- **Task goal**:
Extract exactly and only the lines from the one containing "随后,新任中餐行政总厨梁家千" through the end of the entries below. Pictures should not appear in the copy.

- **Data extract**:
-------------------------

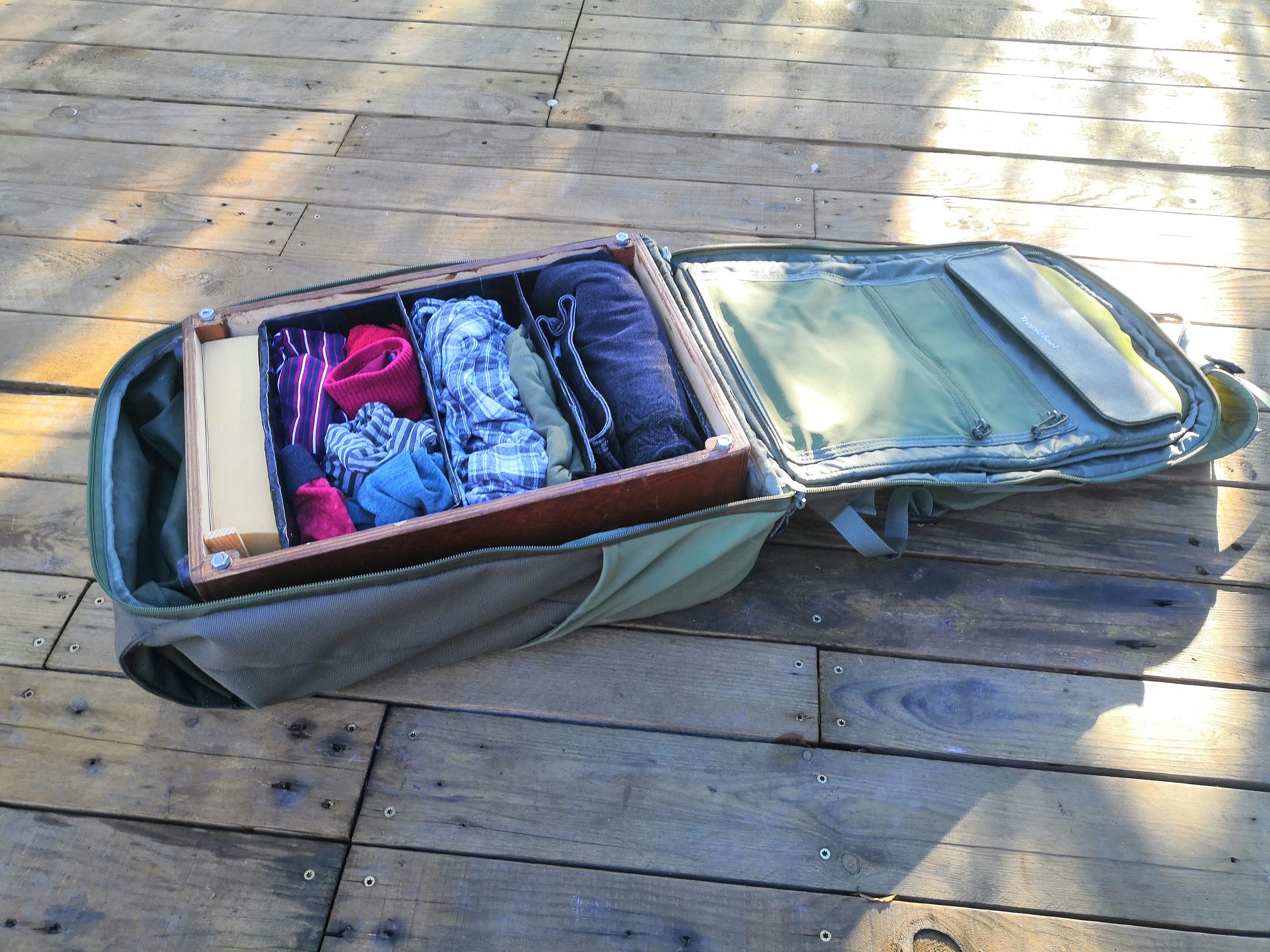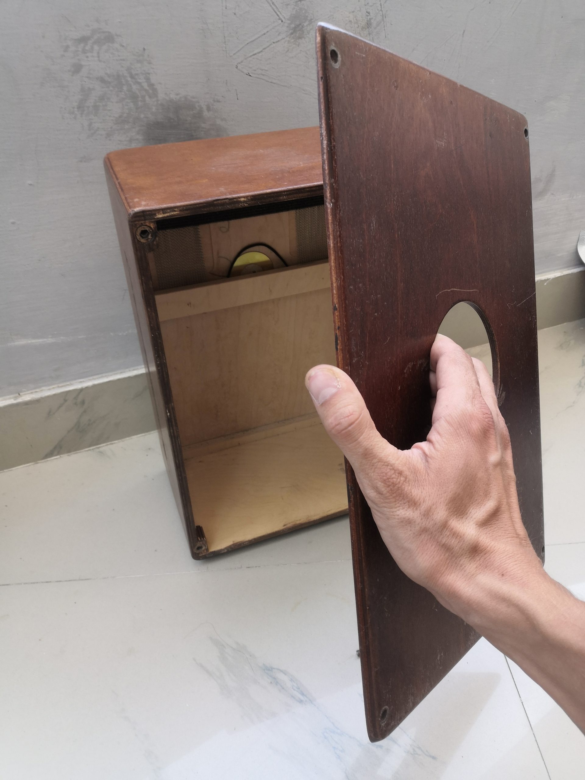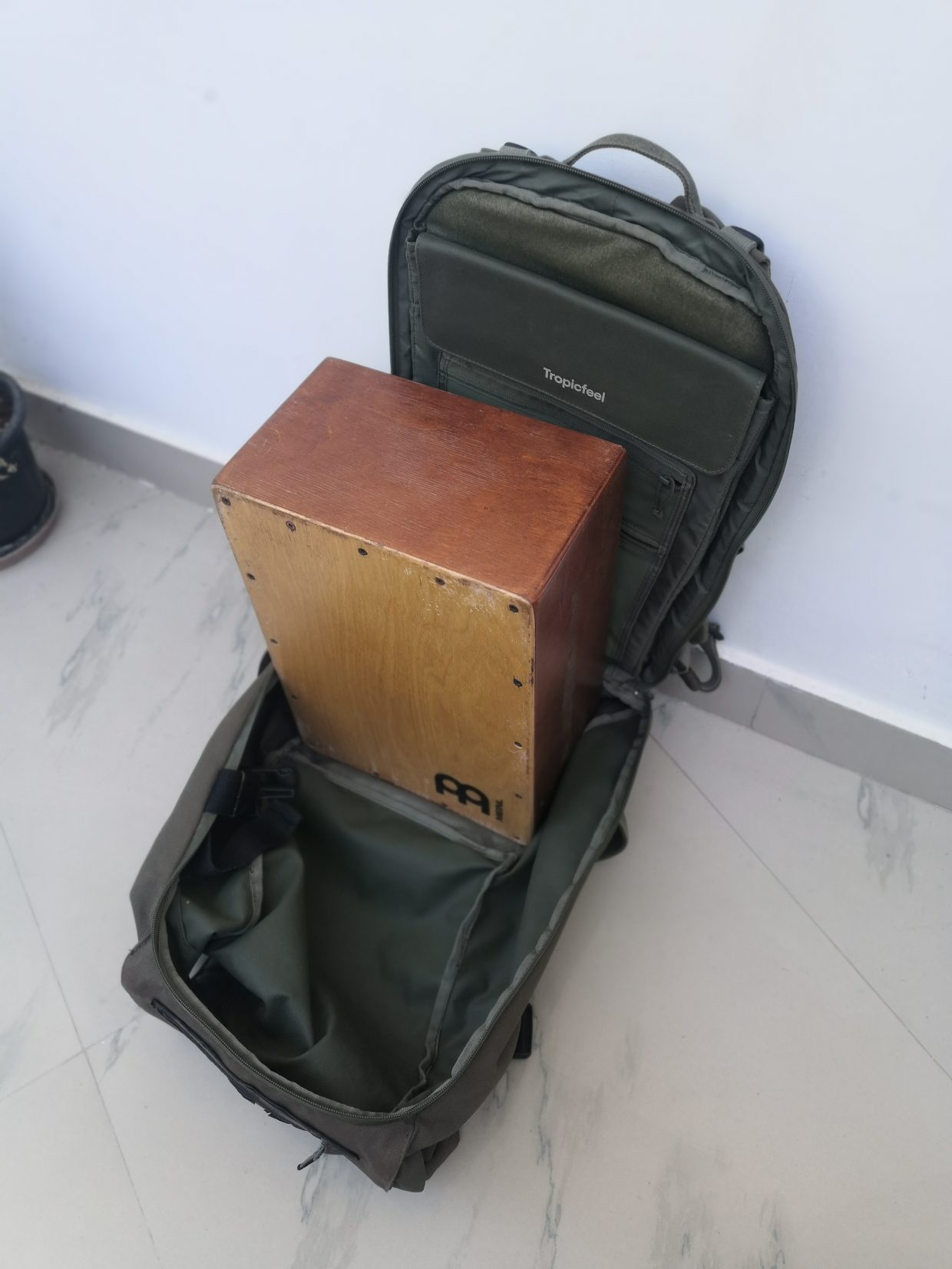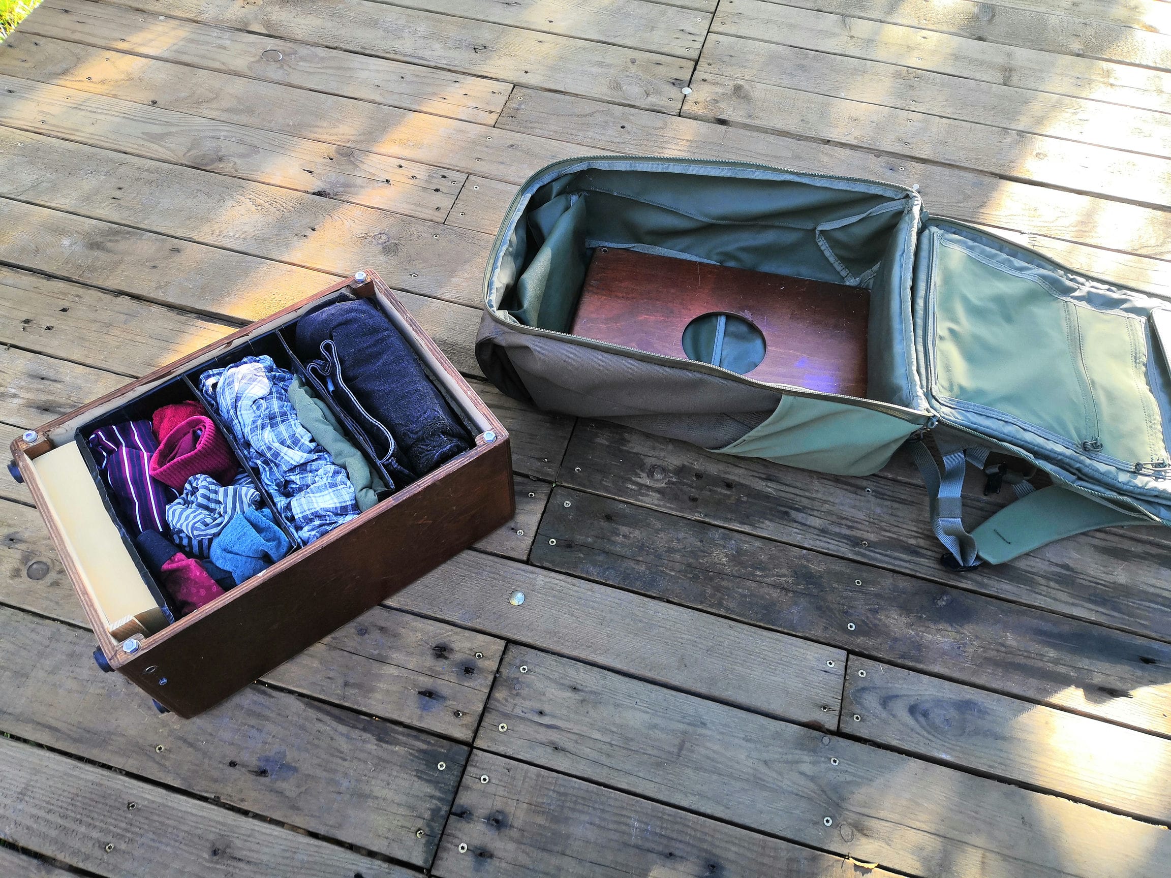 Objectif : transformer un cajon standard en instrument de voyage en réduisant la profondeur du caisson de 10cm. Par contre, ça ne suffit pas qu’il rentre dans le sac à dos : je trouve absurde de transporter un caisson vide. Donc il fera aussi office de valise, avec système de compression pour ranger un maximum de vêtements à l’intérieur. Il doit pouvoir passer de rangement à instrument de musique en moins d’une minute.
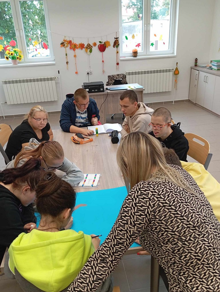 Dnia 13.10.2024 r. w ZPEW uczniowie Szkoły Przysposabiającej do Pracy uczestniczyli w warsztatach na temat relacji rodzinnych, które przeprowadziły Pani Justyna Wołyniec  – Oleszczuk z PPP w Gołdapi i psycholog szkolny. Uczniowie chętnie i aktywnie uczestniczyli w warsztatach, wykazali się kreatywnością wykonując piękna pracę plastyczną dotyczącą relacji. Dowiedzieli się również, że relacje buduje się dzięki zaufaniu i wsparciu, a dziecko zaczyna ich tworzenie od domu rodzinnego. Dzięki wzajemnemu szacunkowi, regularnemu wspólnemu spędzaniu czasu w pozytywnej atmosferze i uczestnictwie w życiu codziennym domu dziecko zaczyna lepiej rozumieć swoje miejsce w społeczności rodziny.
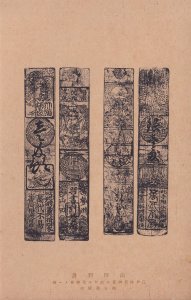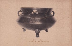 次に、神宮徴古館農業館発行の『神都史料絵葉書』を紹介します。印刷所は東京交友舎です。全ての絵葉書に「第2回神都沿革史料展覧会記念」の見出しが印刷されています。表面の罫線が中央に引かれていますので、大正7(1918)年以降の発行です。たとうには「神宮宝物
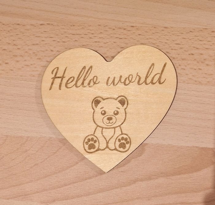 Vends plaque coeur motif nounours, inscription Hello world Dimention environ 10cm Épaisseur 3mm En matière bois de tilleul Possibilité d autres personnalisation, n hesitez pas a me contacter en message privé.
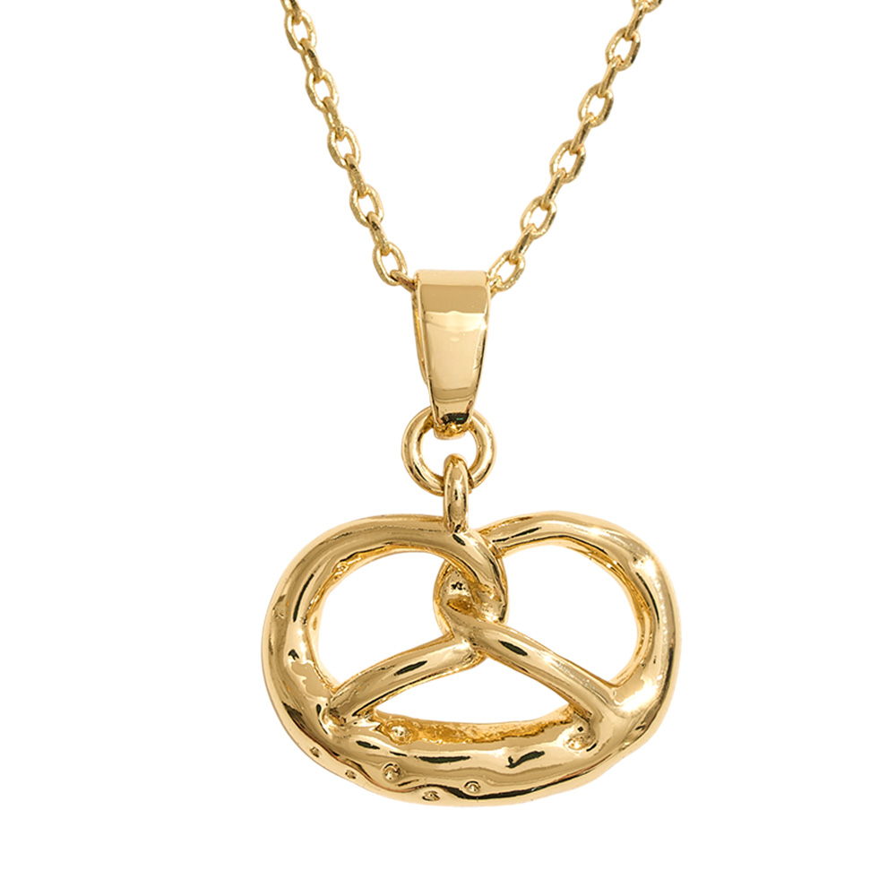 Details • Necklace Size : 16" + 2" L • Pendant Size : 0.7" X 0.75" • Add a playful twist to your jewelry collection with this charming pretzel pendant necklace. Designed with a realistic knot detail, it’s a fun and stylish piece that makes a perfect gift for food lovers, bakers, or anyone who enjoys quirky accessories with a unique touch. • Gold Dipped • Made In Korea
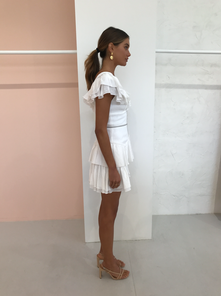 This amorous design is cut in stretch linen with delicate paneling throughout and lightweight ruffles cut in sheer, textured linen. A flattering silhouette, this slim fit bodice flows into an A-line tiered skirt and finishes at mini length.
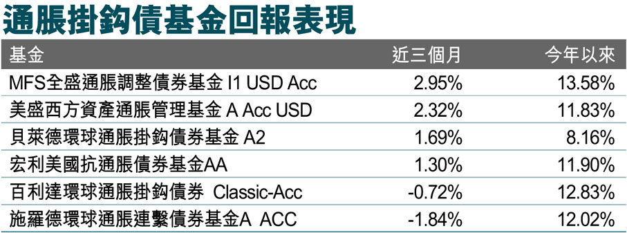 通脹掛u債基金回報表現 (2011-11-09) (圖)
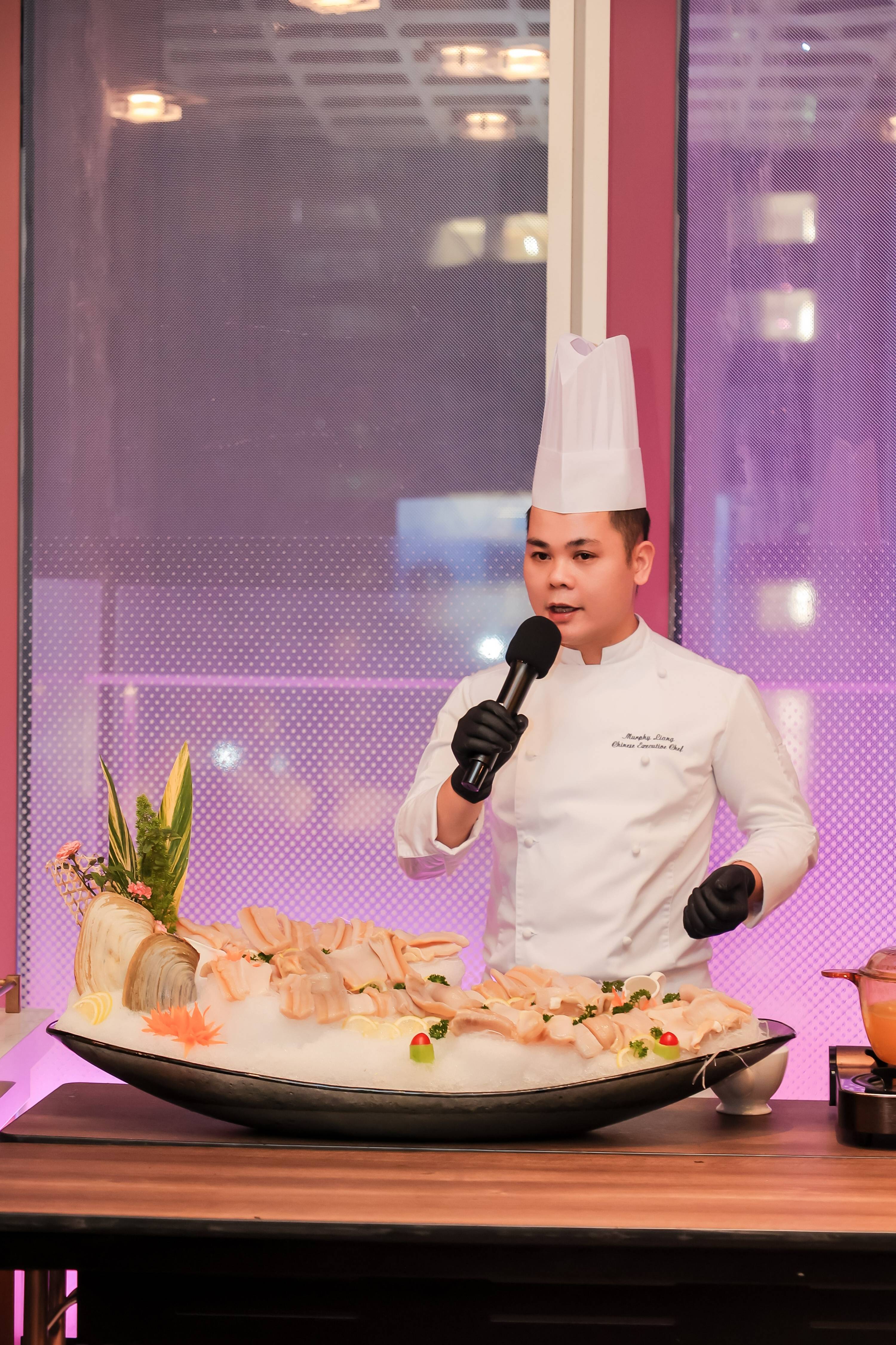 随后,新任中餐行政总厨梁家千师傅及其精英团队正式登台亮相,成为全场焦点。团队以一场精彩的“上菜秀”展示了精湛技艺与创意理念——现场拆解重达十斤的阿拉斯加帝王蟹,将蟹膏、蟹黄及各部位鲜肉细致分装,配以多种风味酱汁,供宾客依个人喜好搭配享用。这场兼具视觉观赏性与互动体验的“蟹”逅,赢得了现场阵阵掌声。
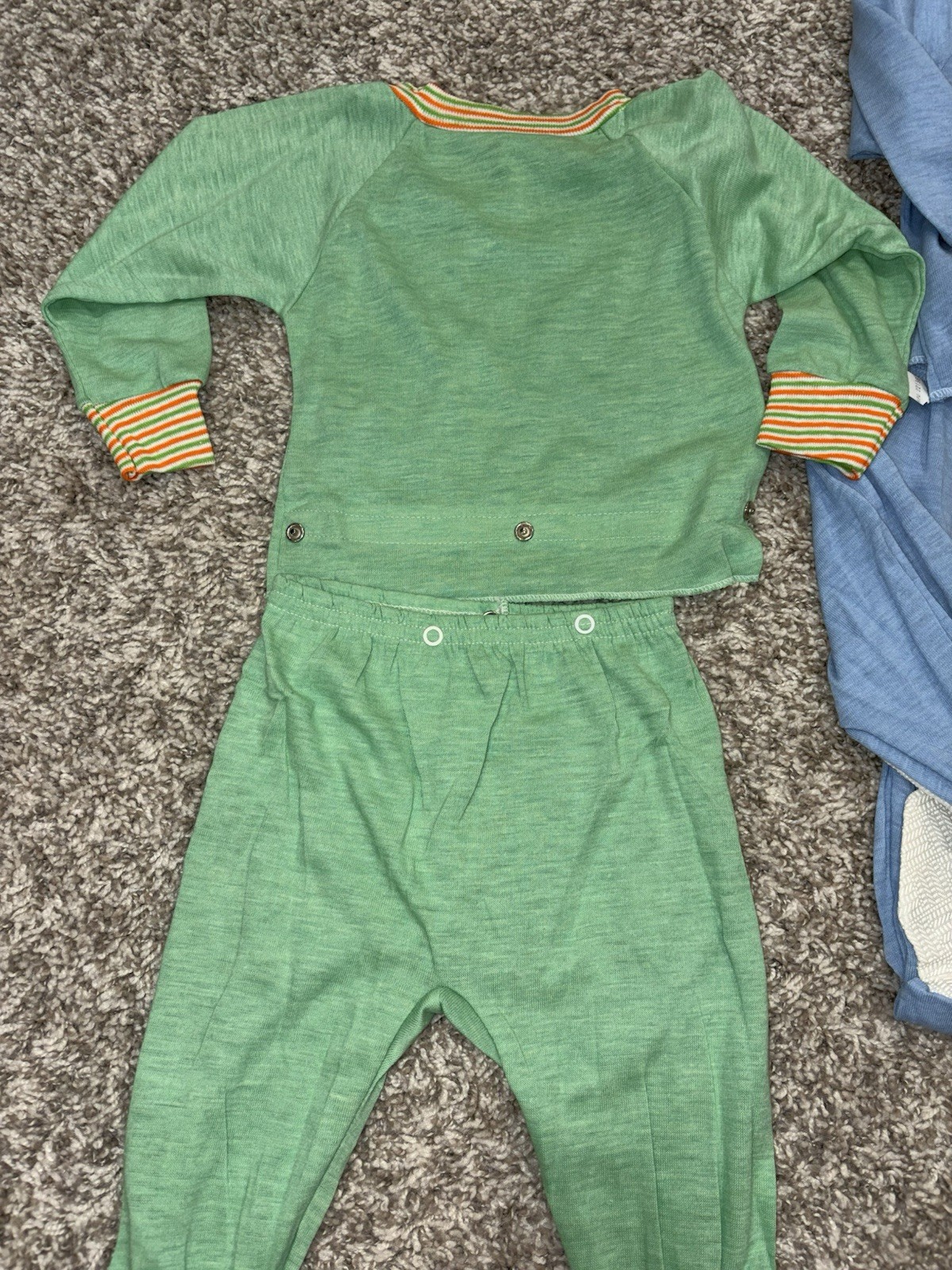 Baby 2 Piece Footed Pajamas Green Blue Snap On Sleepers infant 12 Mo Vtg

-------------------------

- **Result of the exercise**:
 随后,新任中餐行政总厨梁家千师傅及其精英团队正式登台亮相,成为全场焦点。团队以一场精彩的“上菜秀”展示了精湛技艺与创意理念——现场拆解重达十斤的阿拉斯加帝王蟹,将蟹膏、蟹黄及各部位鲜肉细致分装,配以多种风味酱汁,供宾客依个人喜好搭配享用。这场兼具视觉观赏性与互动体验的“蟹”逅,赢得了现场阵阵掌声。
 Baby 2 Piece Footed Pajamas Green Blue Snap On Sleepers infant 12 Mo Vtg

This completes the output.